Exactly as they appear below, repeat the lines from the one with "Тумба с раковиной" through the one with "La decimosexta edición". Drop every picture.
*** Opening Supplied material ***
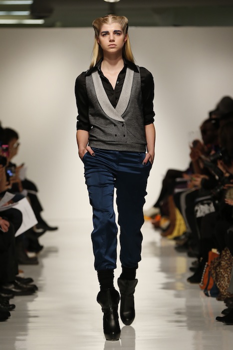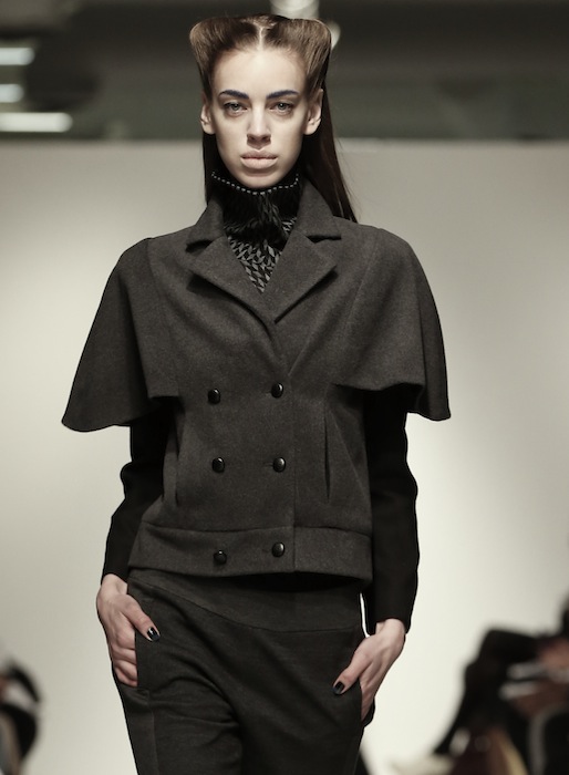 The hair for the runway was parted down the middle, pulled back, with small ‘lifts’ on the side, with thick eyebrows. There were plenty of high waisted trousers, and a few that sat just above the knee. Poncho trench coats and knee high socks seem to be the trend for fall 2013 according to Kanno. A nice move forward for the young label. fdmLOVES selects from the runway by Brigitte Segura, written by Markie Woodarek.
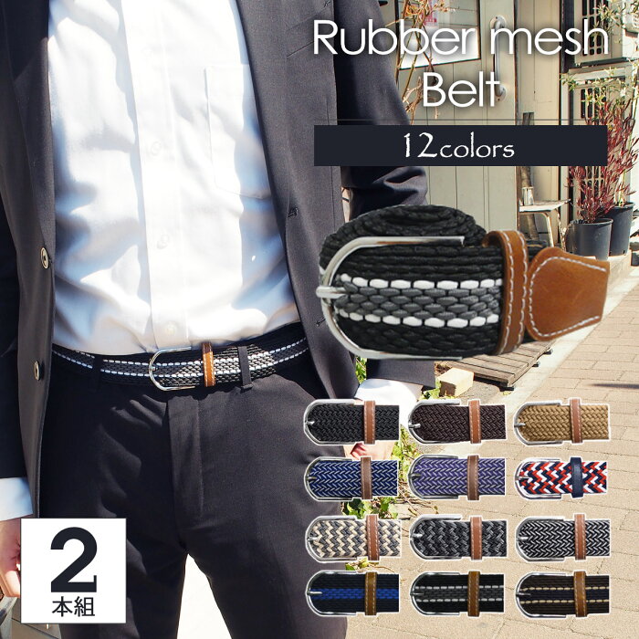 2本組 メンズ ベルト ゴムベルト伸びるメッシュゴムでしっかりホールド!メッシュゴムベルト ゴムメッシュベルト スポーツ 大きいサイズ デニム スカート ラバーベルト メンズ ゴルフ
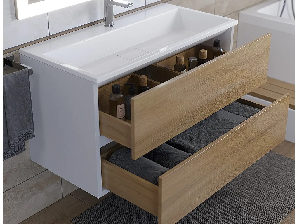 Тумба с раковиной Uperwood Barsa 90 см раковина белая-тумба белая/дуб сонома
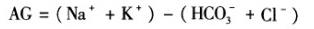 解析 AG是指血清中所测阳离子总数与阴离子总数之差,即,有机酸根、等固定酸增多(如乳酸酸中毒、酮症酸中毒),使血浆浓度下降,则AG升高。
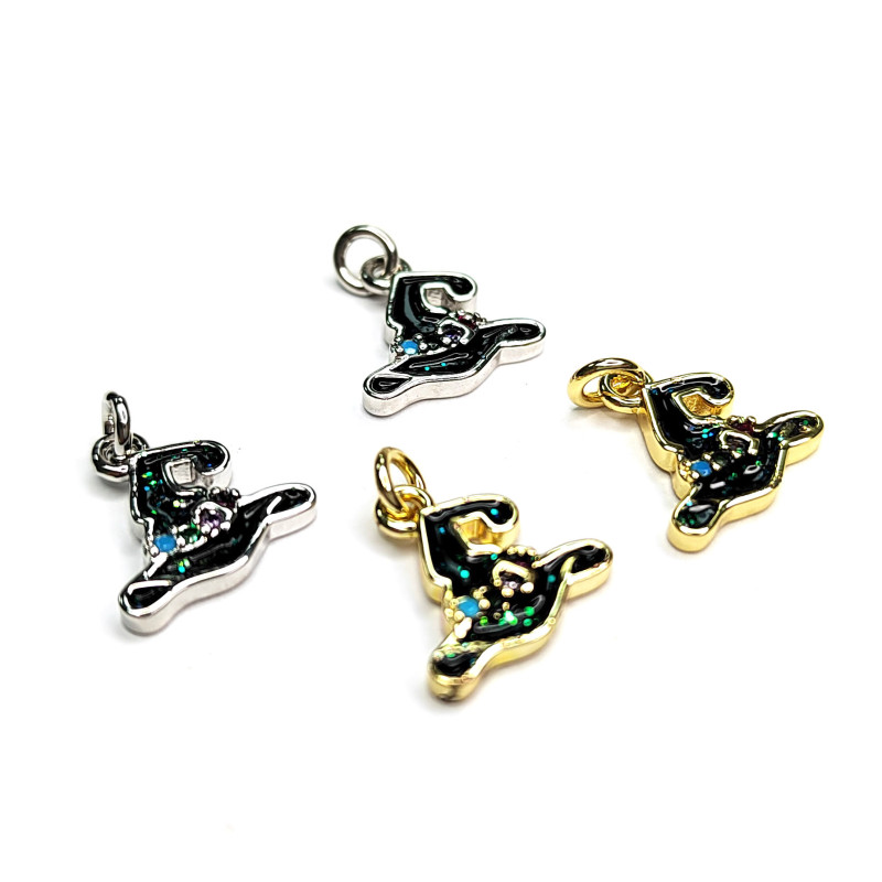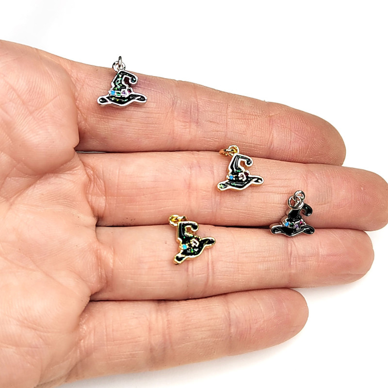 Подвеска шляпа ведьмы 11 мм с чёрной эмалью и фианитами, штука
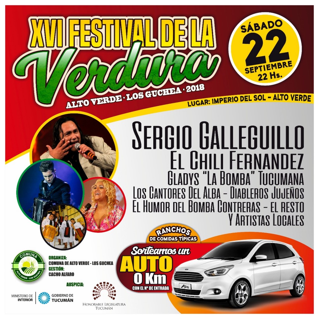 La decimosexta edición del Festival de la Verdura se realizará el sábado 22 de septiembre, en la localidad sureña de Alto Verde. El evento comenzará a las 22 horas y tendrá lugar en el Imperio del Sol.
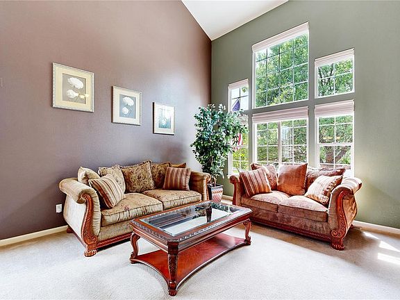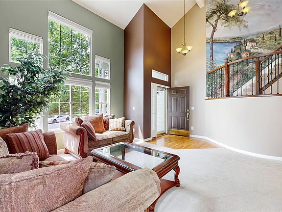 • Description: Living Room With Vaulted Ceiling, Cathedral Window, Hunter Douglas Power Shade/Carpet
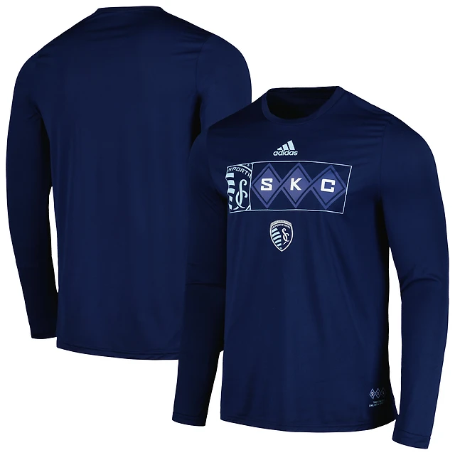 Men's adidas Navy Sporting Kansas City 2024 Jersey Hook AEROREADY Long Sleeve T-Shirt
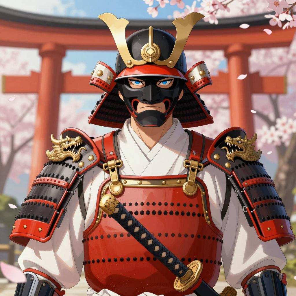 Illustration of a white-haired samurai with blue eyes, wearing red and gold armor, a black mask with red and gold decorations, and a white tunic. Samurai has dual dragon shoulder pauldrons, a sheathed katana across the chest, and cherry blossom petals in the background. Torii gate in the background. Samurai stands facing forward with neutral expression.
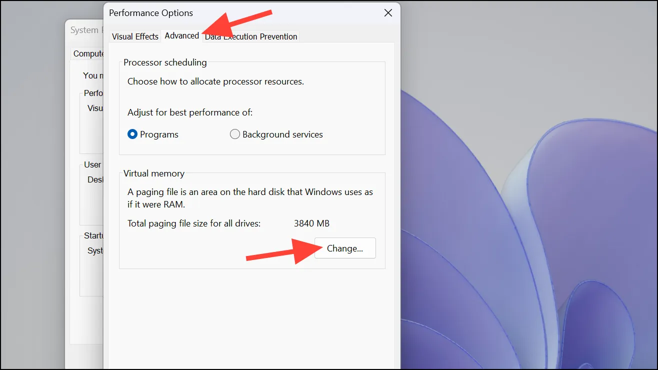 - Перейдите на вкладку «Дополнительно» и нажмите «Изменить» в разделе «Виртуальная память».
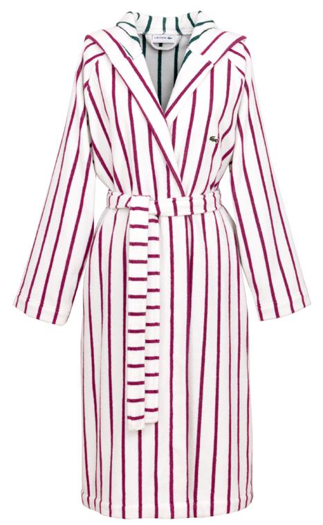 Kimono mixte boucle. Broderie grand médaillon LACOSTE dans le dos. Crocodile de 25 mm vert appliqué. Eponge 100% coton biologique. 400 gr/m². Unisex kimono loop robe. LACOSTE medaillon embroired on the back. Applied green crocodile 25 mm. 100% organic cotton. 400 gsm.
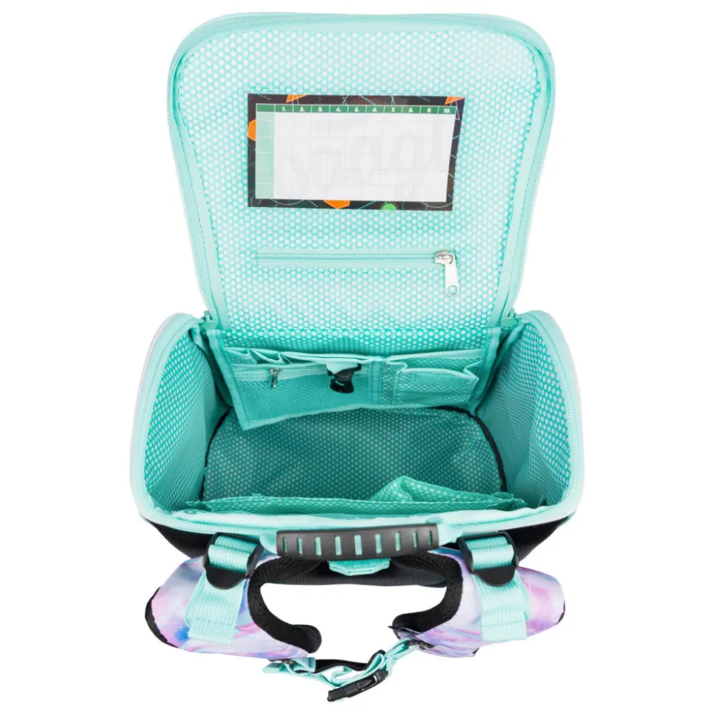 • Uvnitř aktovky je průhledná kapsa s rozvrhem a vnitřní organizér umožňující rovnoměrné rozložení hmotnosti, doplněný gumičkou pro fixaci.
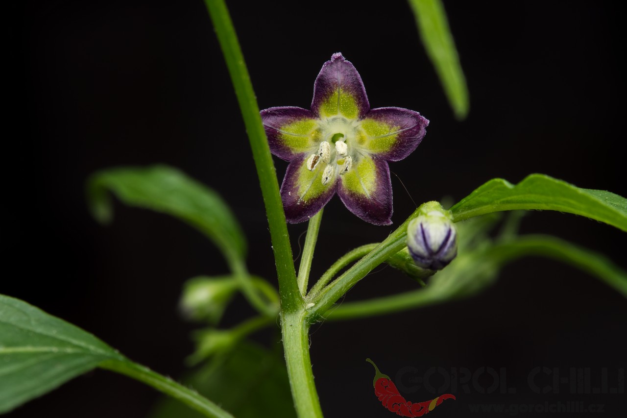 Rostlina: Relativně vysoký keř dorůstající prvním rokem výšky okolo 1,5 metru. Díky bohaté násadě bočmích větví tvoří dojem jakéhosi křoví. Květy mají zelený střed a tmavě fialové okraje a vyrůstají v trsech po 2-3 kusech. Oproti většině ostatních kultivarů C. eximium jsou korunní lístky spíše zaoblené.
*** Closing Supplied material ***
Task result:
 Тумба с раковиной Uperwood Barsa 90 см раковина белая-тумба белая/дуб сонома
 解析 AG是指血清中所测阳离子总数与阴离子总数之差,即,有机酸根、等固定酸增多(如乳酸酸中毒、酮症酸中毒),使血浆浓度下降,则AG升高。
 Подвеска шляпа ведьмы 11 мм с чёрной эмалью и фианитами, штука
 La decimosexta edición del Festival de la Verdura se realizará el sábado 22 de septiembre, en la localidad sureña de Alto Verde. El evento comenzará a las 22 horas y tendrá lugar en el Imperio del Sol.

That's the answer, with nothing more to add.